EXERCISE DESCRIPTION: For this exercise, copy exactly only the lines from the one containing "elegant, sturdy, carefully" to the final line of the material below, without the pictures.

GIVEN MATERIAL:
==============================
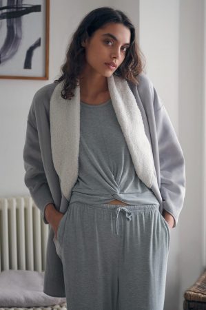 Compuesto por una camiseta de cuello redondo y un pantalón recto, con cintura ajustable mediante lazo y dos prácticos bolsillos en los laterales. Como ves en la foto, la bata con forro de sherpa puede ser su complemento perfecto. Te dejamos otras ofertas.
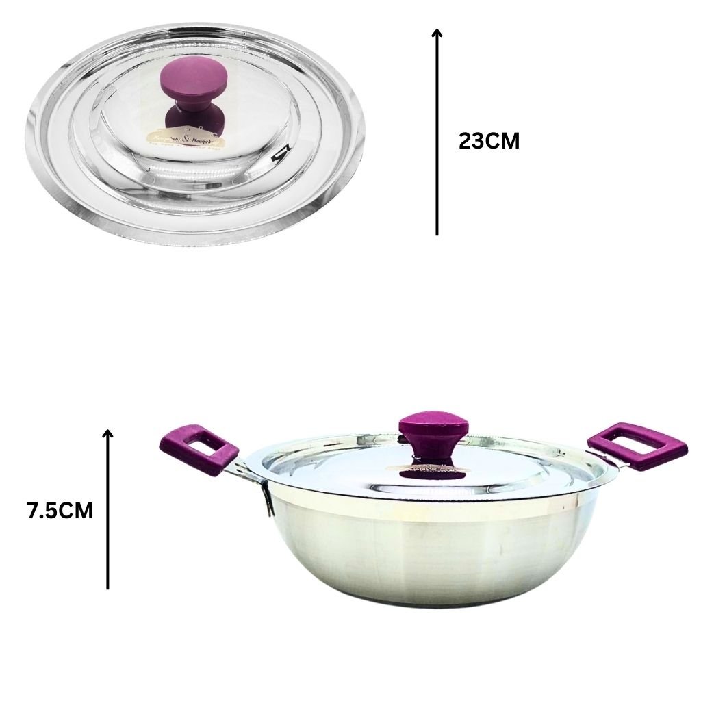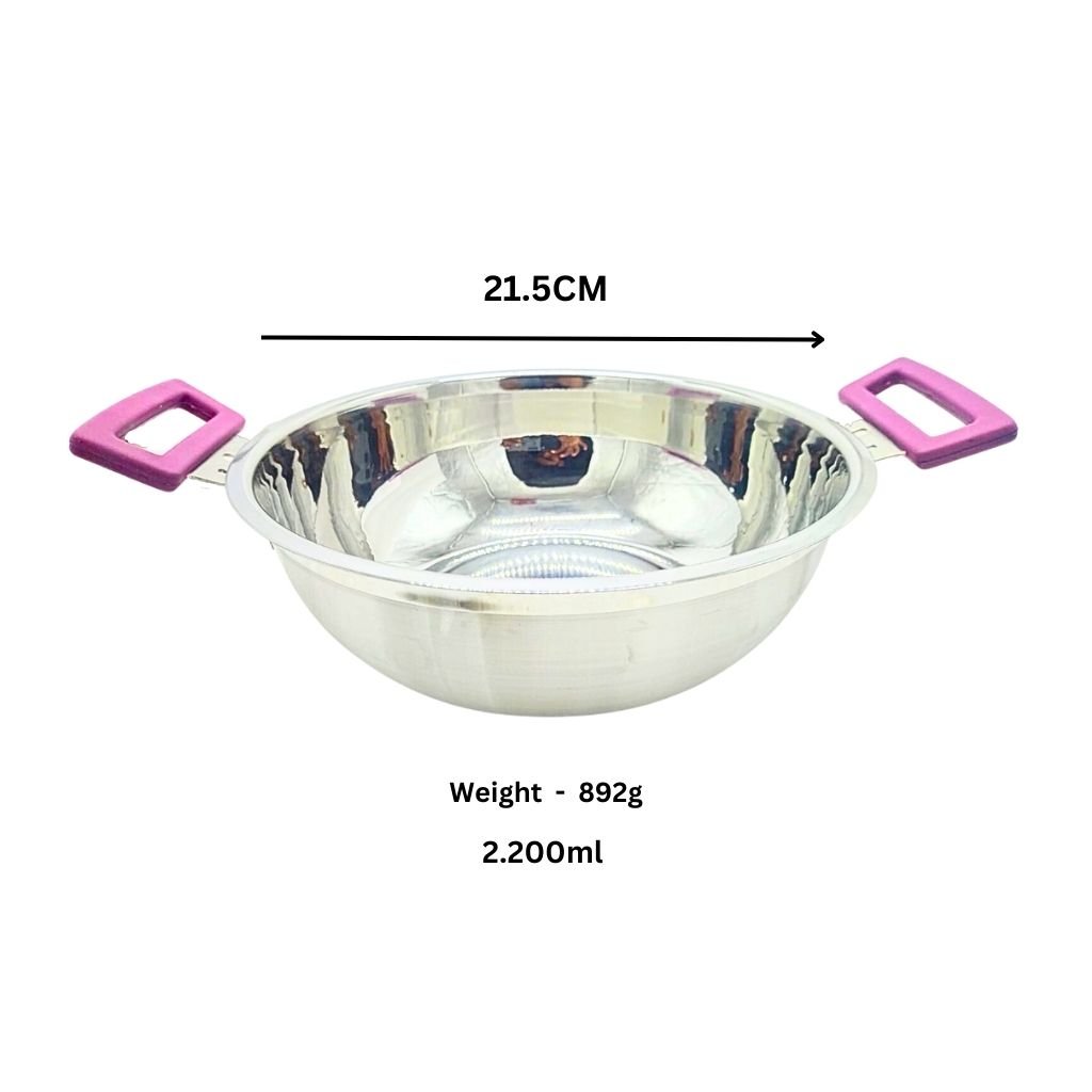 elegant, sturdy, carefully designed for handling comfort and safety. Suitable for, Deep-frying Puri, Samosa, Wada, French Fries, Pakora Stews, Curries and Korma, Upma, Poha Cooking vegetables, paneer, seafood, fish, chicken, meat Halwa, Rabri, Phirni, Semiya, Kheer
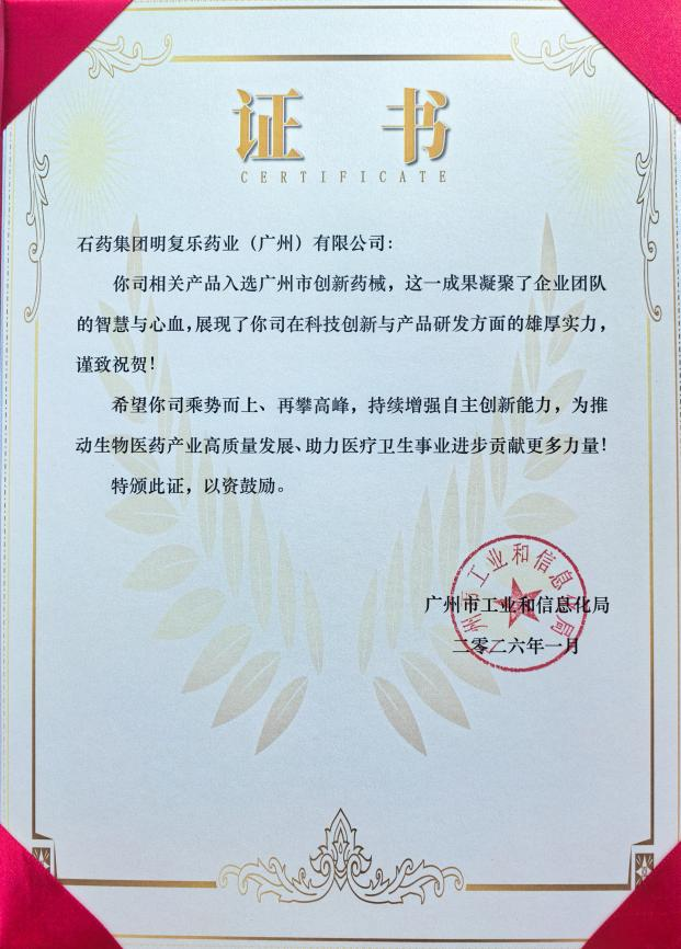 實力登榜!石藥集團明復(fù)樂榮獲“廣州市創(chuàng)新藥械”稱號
==============================
EXERCISE RESPONSE:
 elegant, sturdy, carefully designed for handling comfort and safety. Suitable for, Deep-frying Puri, Samosa, Wada, French Fries, Pakora Stews, Curries and Korma, Upma, Poha Cooking vegetables, paneer, seafood, fish, chicken, meat Halwa, Rabri, Phirni, Semiya, Kheer
 實力登榜!石藥集團明復(fù)樂榮獲“廣州市創(chuàng)新藥械”稱號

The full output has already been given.